I also calculated $R(Z)$ for $f_4$, and it has non-zero roots, meaning integrability of $f_4$ in elementary terms is equivalent to finding a set of those functions $v_\beta$; I don't know if they exist or not.

If you pick $f_0 = 1, K_0 = \Bbb C(X)$ and $f_{n+1} = \sqrt{X+f_n}, K_{n+1} = K_n(f_{n+1})$, the first three fields have genus $0$, so integrating $f_{n}$ is as easy as integrating a rational fraction.

For example, if we put $w = \frac {f_1-1}{f_2-1}$ then $K_2 = \Bbb C(w)$ and we have formulas

$$ x = \frac{3w^4-8w^3+10w^2-4w}{(w^2-1)^2}, f_1 = \frac{-2w^2+2w-1}{w^2-1}, f_2 = \frac{w^2-3w+1}{w^2-1} $$

Then integrating $f_2dx$ is integrating $f_2(dx/dw) dw$, and we obtain a result in terms of $w$ and $\log(w^2-1)$.

However, $K_3 = K_2(\sqrt{x+f_2}) = K_2(v = \sqrt{4w^4-11w^3+10w^2-w-1})$ is obtained by adjoining a square root of an element of degree $4$, so $K_3$ is an elliptic curve (the following fields' genus then grow exponentially). And you want to integrate the $1$-form $f_3 dx$ on this curve.

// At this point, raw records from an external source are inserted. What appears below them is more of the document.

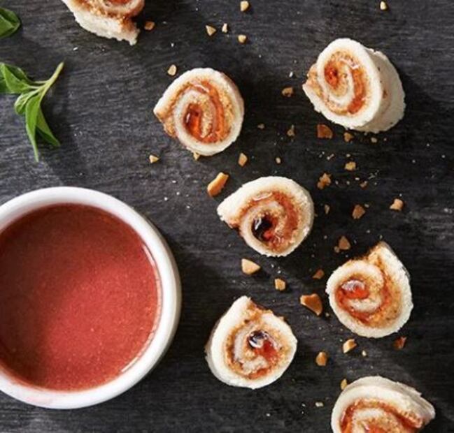 Rollos de mantequilla de cacahuate y mermelada con salsa de bayas
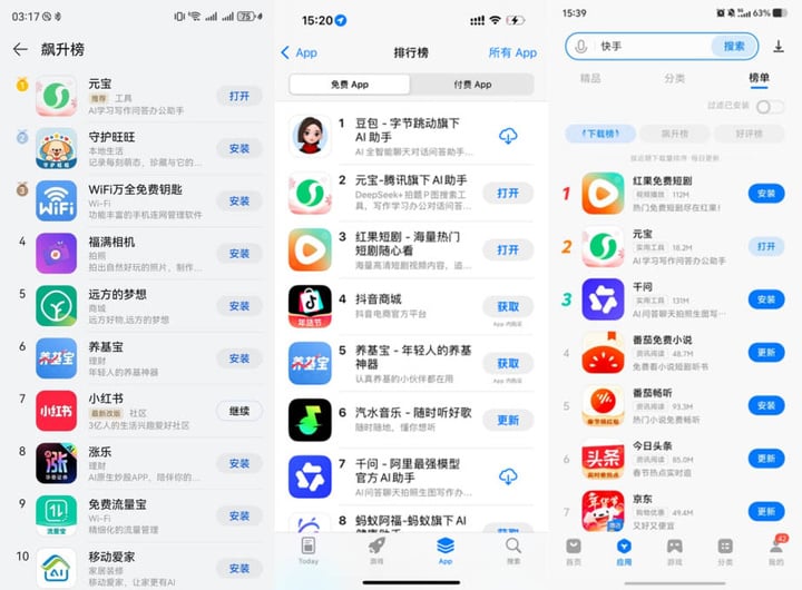 凭借 AI 社交新功能「元宝派」内测以及春节 10 亿红包活动的推动,该应用成功登顶华为应用商城飙升榜,并位列苹果中国区 App 免费榜第二、vivo 应用商城下载榜第二 。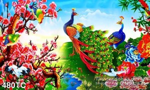 Tranh chim công khu vườn rực rỡ

If I am not mistaken, the poles of the $1$-form are at the $4$ points at $x = \infty$ (or rather $w^2 = 1$). A computation shows that the residues are $+1/4$ around the points (in the coordinates $(v,w)$) $A =(+5,-1), B = (+1,+1)$ and $-1/4$ around the points $C = (-5,-1), D = (-1,+1)$. Sadly, $[A]+[B]-[C]-[D] \neq 0$. I think this is a point of infinite order on the elliptic curve so there is no rational function we can plug into a $\log$ to cancel the residues of the $1$-form.

So unless I'm mistaken, a primitive of $f_3dx$ can't even be expressed using logarithms and elliptic functions.